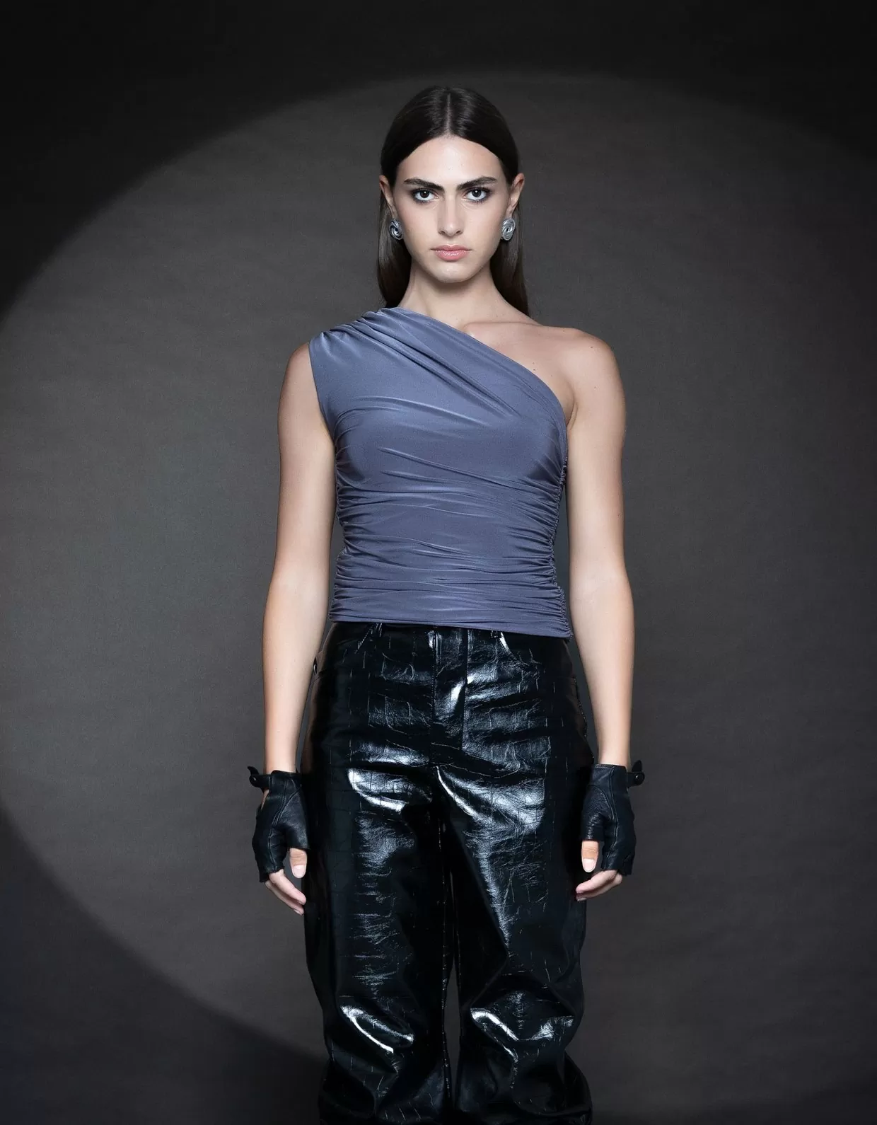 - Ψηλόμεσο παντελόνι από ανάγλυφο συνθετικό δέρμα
####
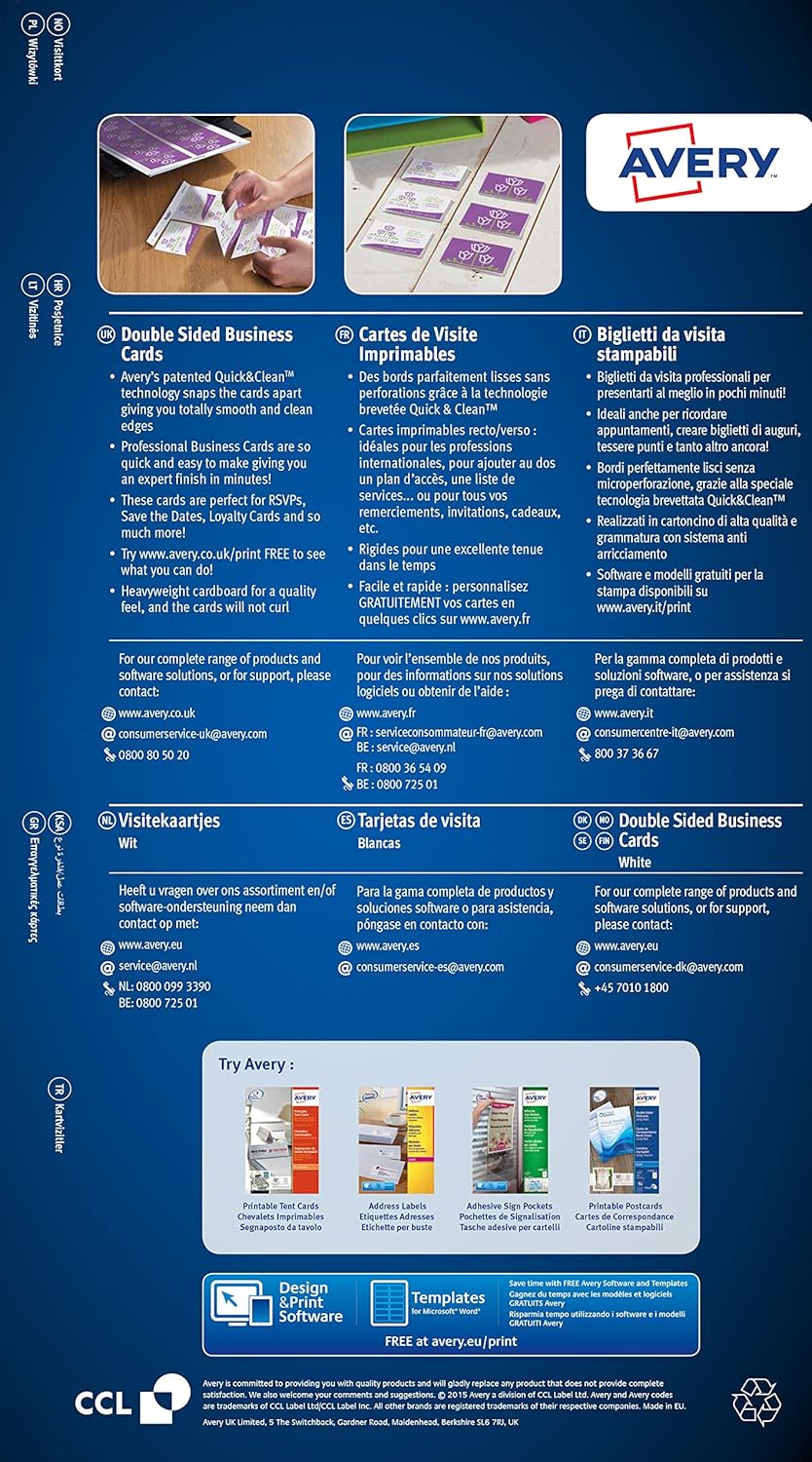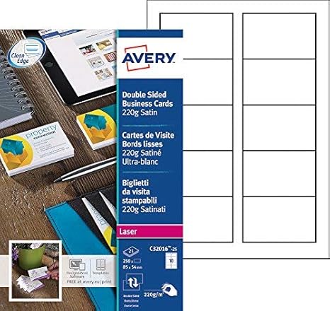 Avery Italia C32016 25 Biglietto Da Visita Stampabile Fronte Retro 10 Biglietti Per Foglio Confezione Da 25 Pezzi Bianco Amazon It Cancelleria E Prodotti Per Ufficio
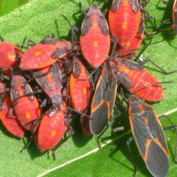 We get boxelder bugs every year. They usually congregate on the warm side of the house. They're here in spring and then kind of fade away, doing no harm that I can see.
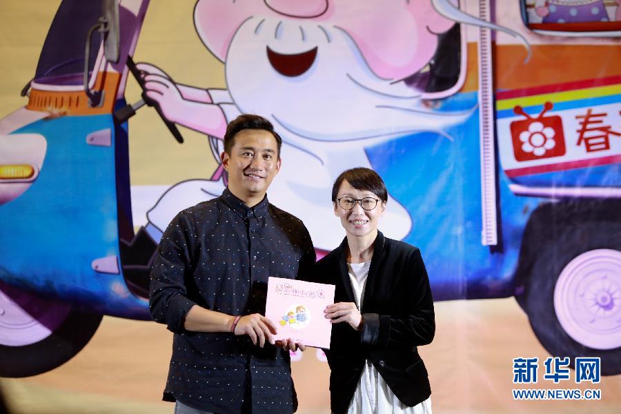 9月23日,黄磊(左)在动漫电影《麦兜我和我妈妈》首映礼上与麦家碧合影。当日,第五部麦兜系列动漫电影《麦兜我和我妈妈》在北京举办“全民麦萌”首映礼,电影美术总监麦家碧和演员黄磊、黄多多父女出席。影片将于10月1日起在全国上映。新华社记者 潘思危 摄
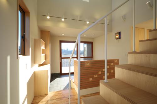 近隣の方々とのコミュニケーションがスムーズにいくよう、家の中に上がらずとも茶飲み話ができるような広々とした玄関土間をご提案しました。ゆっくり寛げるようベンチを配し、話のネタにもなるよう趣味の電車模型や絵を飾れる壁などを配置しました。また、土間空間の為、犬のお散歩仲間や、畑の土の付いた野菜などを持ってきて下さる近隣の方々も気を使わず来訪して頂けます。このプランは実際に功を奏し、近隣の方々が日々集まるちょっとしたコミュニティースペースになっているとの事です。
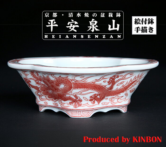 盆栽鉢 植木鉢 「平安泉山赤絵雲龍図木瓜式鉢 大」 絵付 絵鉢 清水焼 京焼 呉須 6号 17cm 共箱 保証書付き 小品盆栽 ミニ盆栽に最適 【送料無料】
####
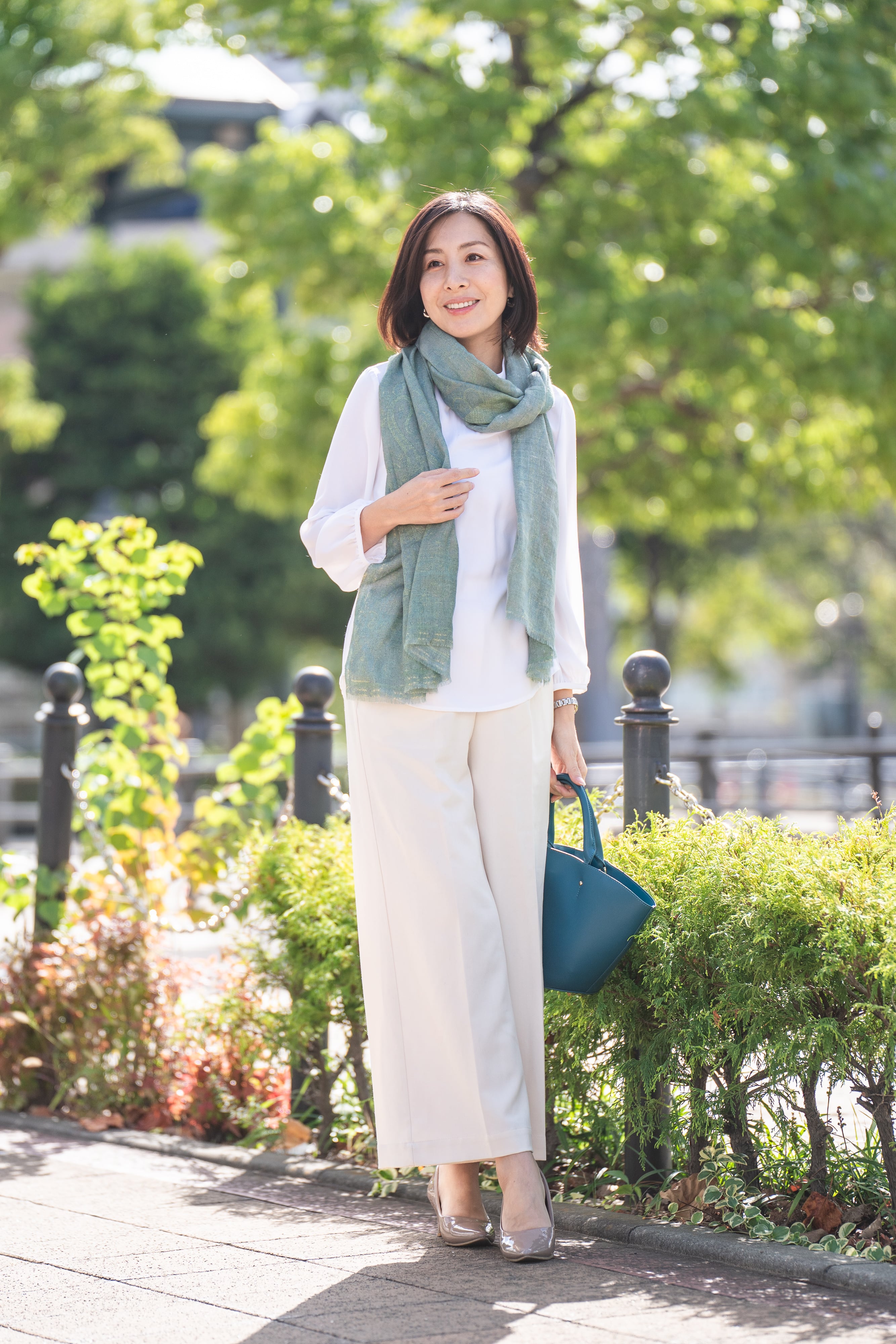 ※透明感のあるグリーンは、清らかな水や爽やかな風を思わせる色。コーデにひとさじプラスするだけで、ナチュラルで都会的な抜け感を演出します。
####
EXERCISE REQUIREMENTS: Your copy should hold only the lines above from the one containing "Avery Italia C32016" through the one containing "We get boxelder", exactly as written and free of pictures.

WRITTEN SOLUTION:
 Avery Italia C32016 25 Biglietto Da Visita Stampabile Fronte Retro 10 Biglietti Per Foglio Confezione Da 25 Pezzi Bianco Amazon It Cancelleria E Prodotti Per Ufficio
 We get boxelder bugs every year. They usually congregate on the warm side of the house. They're here in spring and then kind of fade away, doing no harm that I can see.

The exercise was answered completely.